C6orf118 has been found to be susceptible to tuberculosis. Microarray data were used to compare gene expression in lung tissues from both normal and ITK-deficient individuals during the early stages of Mtb infection, and found that C6orf118 expression was higher in normal lung parenchyma compared to ITK-deficient TB granulomas. The necrotic core and hypoxic conditions in infected cells might suppress the expression of genes involved in RNA processing and degradation.

==== Immune diseases ====
Several studies have link differential C6orf118 functionality to various immune diseases. One study have identified C6orf118 as a potential antagonistic partner with Pre-B cell colony enhancing factor (PBEF). C6orf118 expression is increased by 30% in PBEF siRNA-treated cells compared to the RNA control group.
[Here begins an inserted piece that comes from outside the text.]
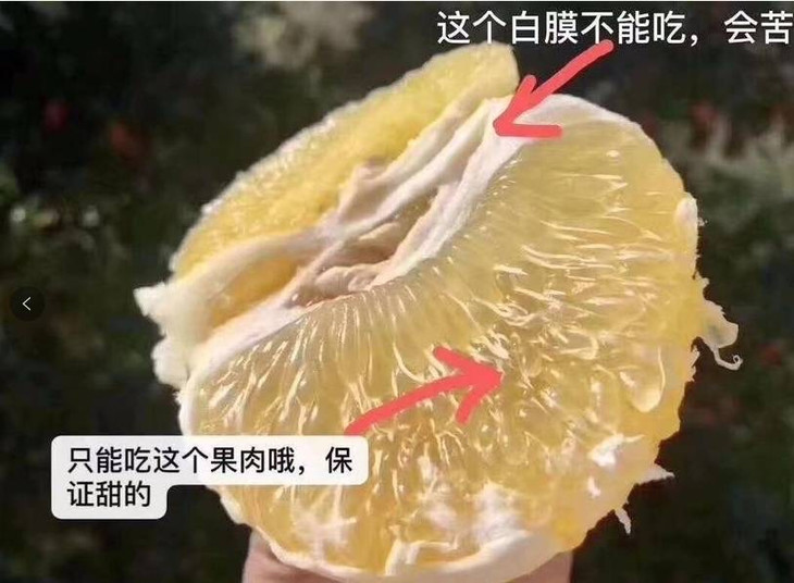 小贴士⚠️⚠️⚠️ 吃葡萄柚的时候一定要用剥的,(剥好记得洗手哦)吃的时候也要仔细点,皮剥干净吃,单纯吃果肉是甜的,带皮(白膜)吃会苦的哦! 科普:为什么有人说葡萄柚又涩又麻;那是因为顾客吃到那层白色膜,还有手上染到皮上的汁,没有及时洗干净;【切记不要吃到膜,把肉撕下来吃味道最好,因为膜是苦的】

Furthermore, another study reported in NCBI GEO show differential expression of C6orf118 in peripheral blood monocytes that were exposed to macrophage colony-stimulation factor (MCSF) or chemokine-like platelet factor 4 (CXCL4). C6orf118 expression was significantly higher in CXCL4-induced macrophages compared to MCSF-induced macrophages, suggesting CXCL4-deficient individuals could prevent cellular homeostasis and prevent the accumulation of harmful RNA fragments.

=== Mutations (SNPs of interest) ===
At 361 aa there is a missense SNP that may be either a valine (V) or an leucine (L). This SNP is associated with changes in the alpha-helix structure and the ability to interact with other molecule can be found at 1106 bp on transcript variant 1.